**Work to complete**.
What is needed is an exact transcription of every entry below, with the pictures left out.

**Data records**.
-*-*-

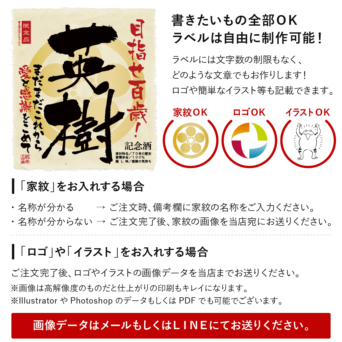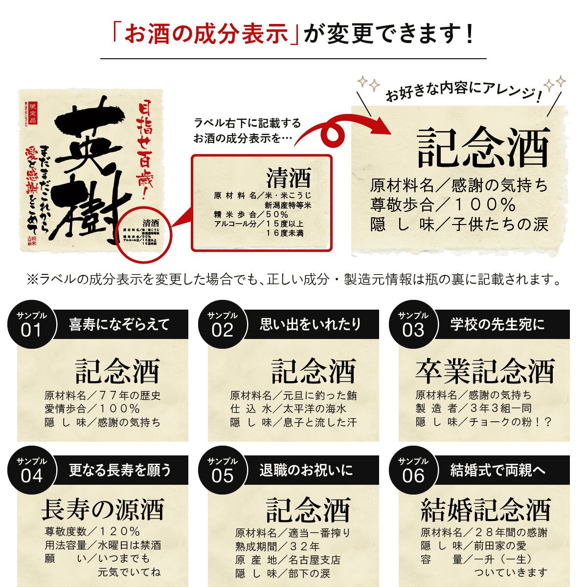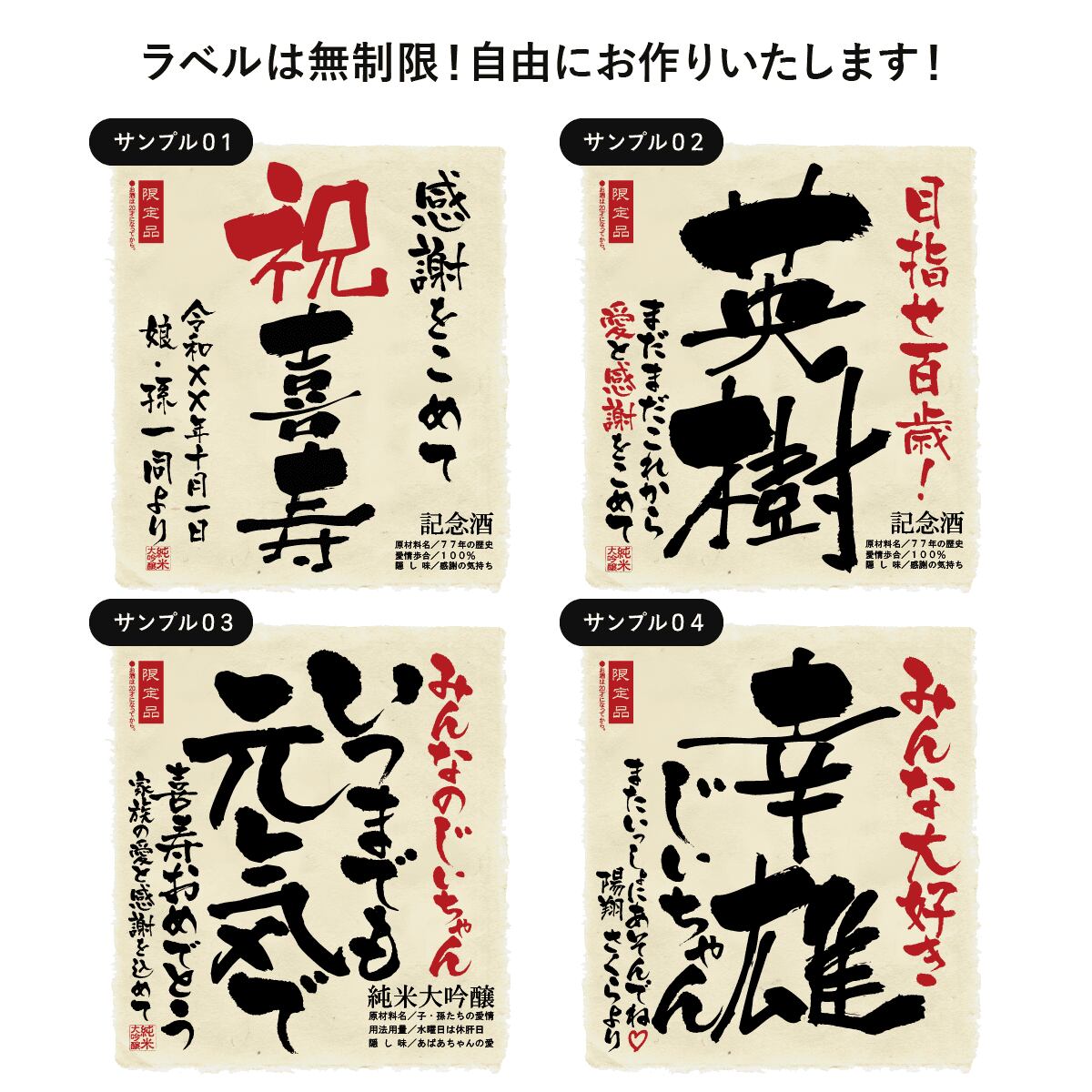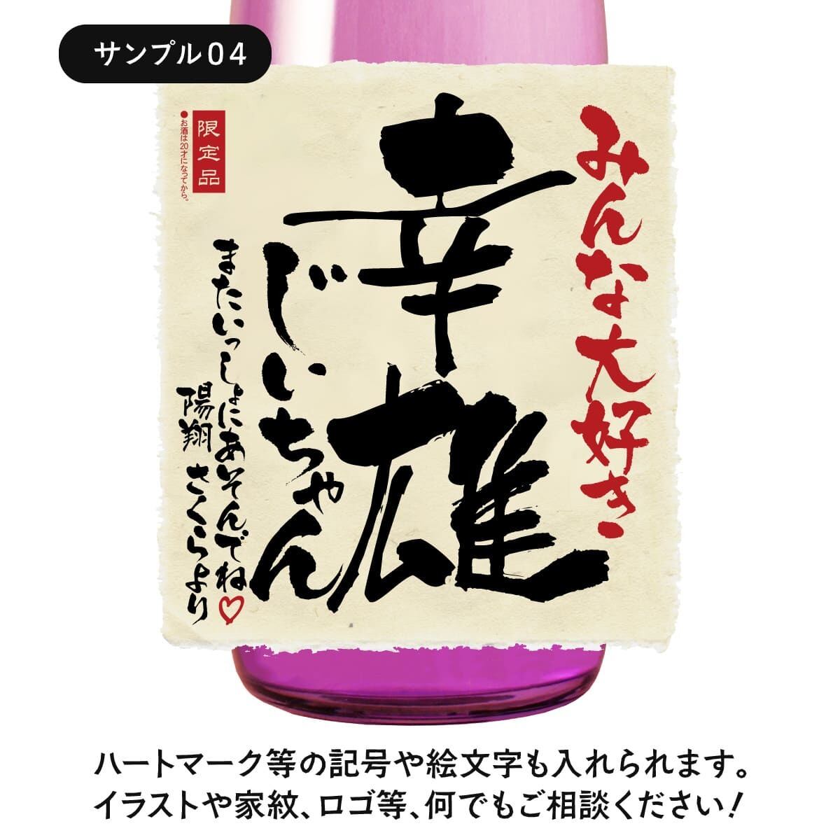 喜寿のお祝いにぴったりの薄紫色のボトルに、世界にひとつのオリジナルラベルをお付けいたします。ラベルは文字数制限なし、家紋やロゴ・イラスト等も可能です。お客さまのご希望に沿ったオーダメイドラベルをお作りいたします。
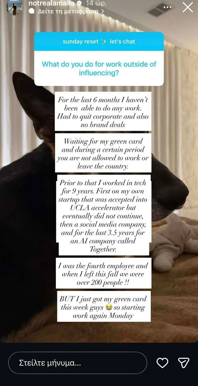 Μέσω ενός πρόσφατου βίντεο στο YouTube, αποκάλυψε ότι αναγκάστηκε να διακόψει τη δουλειά της για έξι μήνες, περιμένοντας την έγκριση της πράσινης κάρτας (green card).
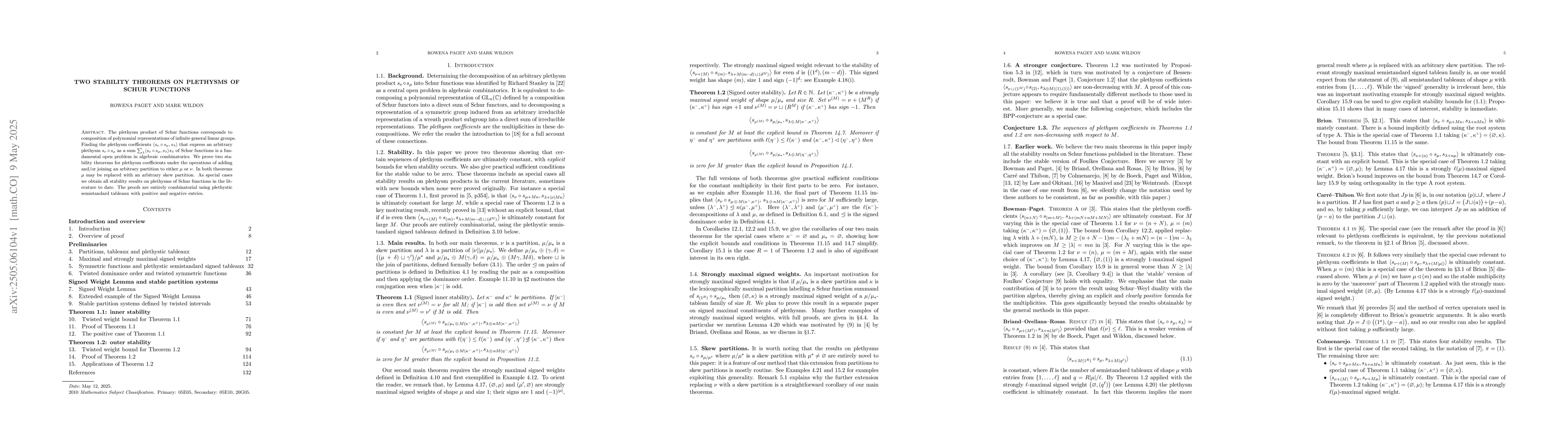 The research employs combinatorial methods using plethystic semistandard tableaux with positive and negative entries to prove stability theorems for plethysm coefficients.
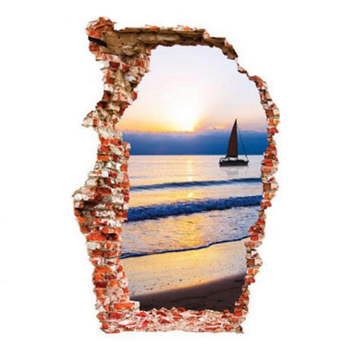 Beach Sunset Scene, Removable Break Through The Wall Vinyl Wall Sticker, Mural Art Decals For Boys Room Decor, Quick And Easy Paste Without Damage
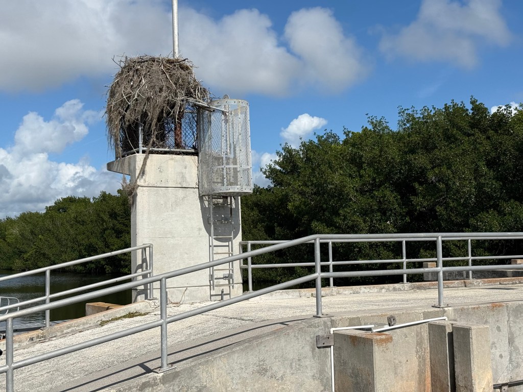 As I packed my gear in the car, I watched another Osprey pair skimming the West Indian Mahogany trees to collect Spanish moss for their bulky nest on the water control lock that separates the Buttonwood Canal from Florida Bay.
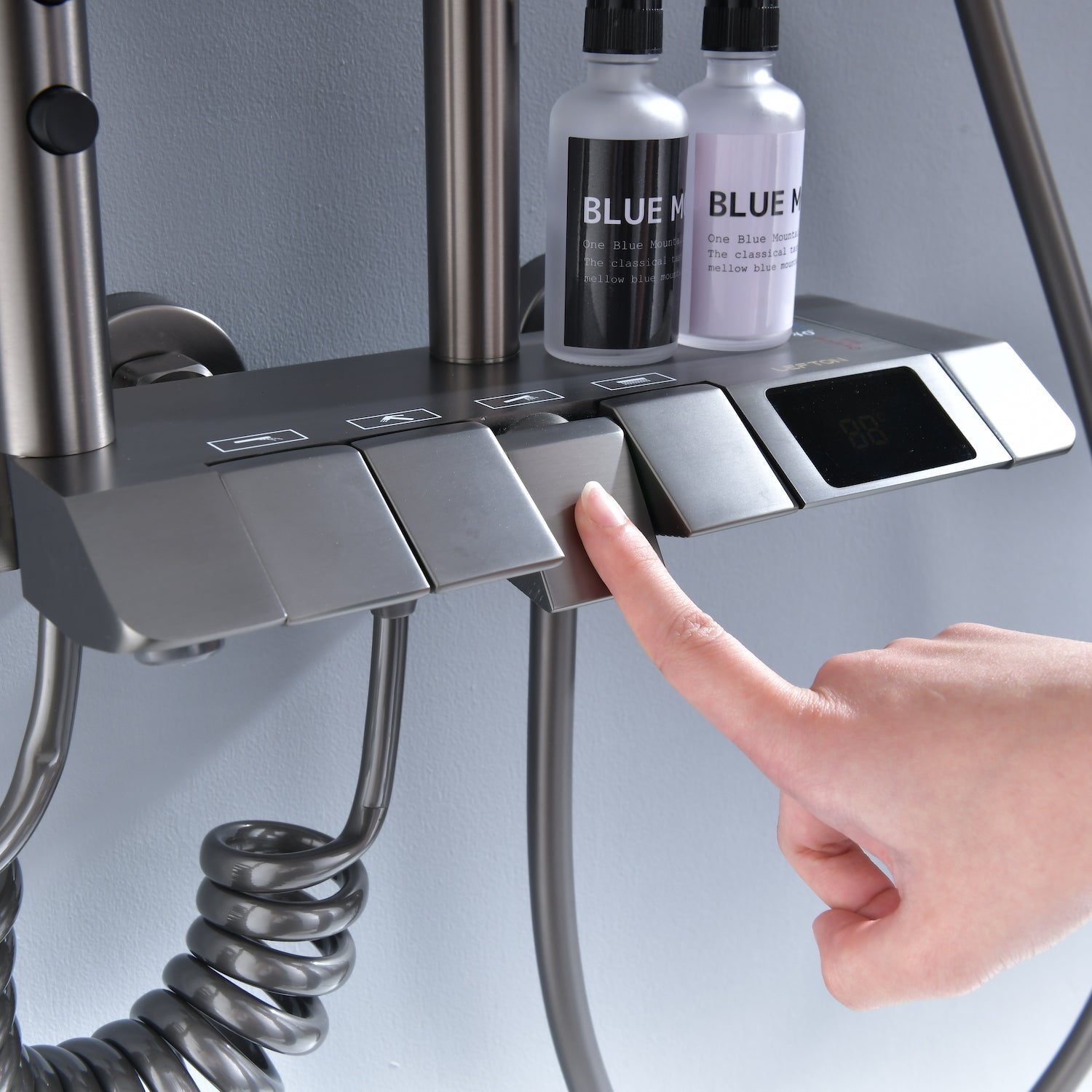 The Metora SST2202 shower system is sturdy with a brass body and limescale-resistant silicone nozzles. It serves as a 4-in-1 system, offering a rainfall shower head, hand shower, sprayer, and adjustable water flow. Height-friendly sliders, thermostatic tech, and a digital display for water temperature add convenience. The hand shower features three spray modes, and the system saves 30% water without compromising performance.
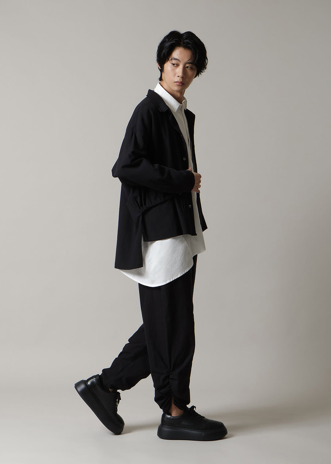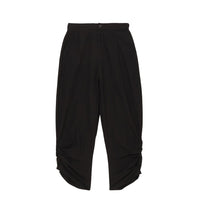 裾に施されたギャザーが、シンプルなスリムデザインにさりげないアクセントを添えます。着用時の脚のラインの美しさにこだわり、緻密なパターンで仕立てました。

-*-*-

**Answer space**.
 喜寿のお祝いにぴったりの薄紫色のボトルに、世界にひとつのオリジナルラベルをお付けいたします。ラベルは文字数制限なし、家紋やロゴ・イラスト等も可能です。お客さまのご希望に沿ったオーダメイドラベルをお作りいたします。
 Μέσω ενός πρόσφατου βίντεο στο YouTube, αποκάλυψε ότι αναγκάστηκε να διακόψει τη δουλειά της για έξι μήνες, περιμένοντας την έγκριση της πράσινης κάρτας (green card).
 The research employs combinatorial methods using plethystic semistandard tableaux with positive and negative entries to prove stability theorems for plethysm coefficients.
 Beach Sunset Scene, Removable Break Through The Wall Vinyl Wall Sticker, Mural Art Decals For Boys Room Decor, Quick And Easy Paste Without Damage
 As I packed my gear in the car, I watched another Osprey pair skimming the West Indian Mahogany trees to collect Spanish moss for their bulky nest on the water control lock that separates the Buttonwood Canal from Florida Bay.
 The Metora SST2202 shower system is sturdy with a brass body and limescale-resistant silicone nozzles. It serves as a 4-in-1 system, offering a rainfall shower head, hand shower, sprayer, and adjustable water flow. Height-friendly sliders, thermostatic tech, and a digital display for water temperature add convenience. The hand shower features three spray modes, and the system saves 30% water without compromising performance.
 裾に施されたギャザーが、シンプルなスリムデザインにさりげないアクセントを添えます。着用時の脚のラインの美しさにこだわり、緻密なパターンで仕立てました。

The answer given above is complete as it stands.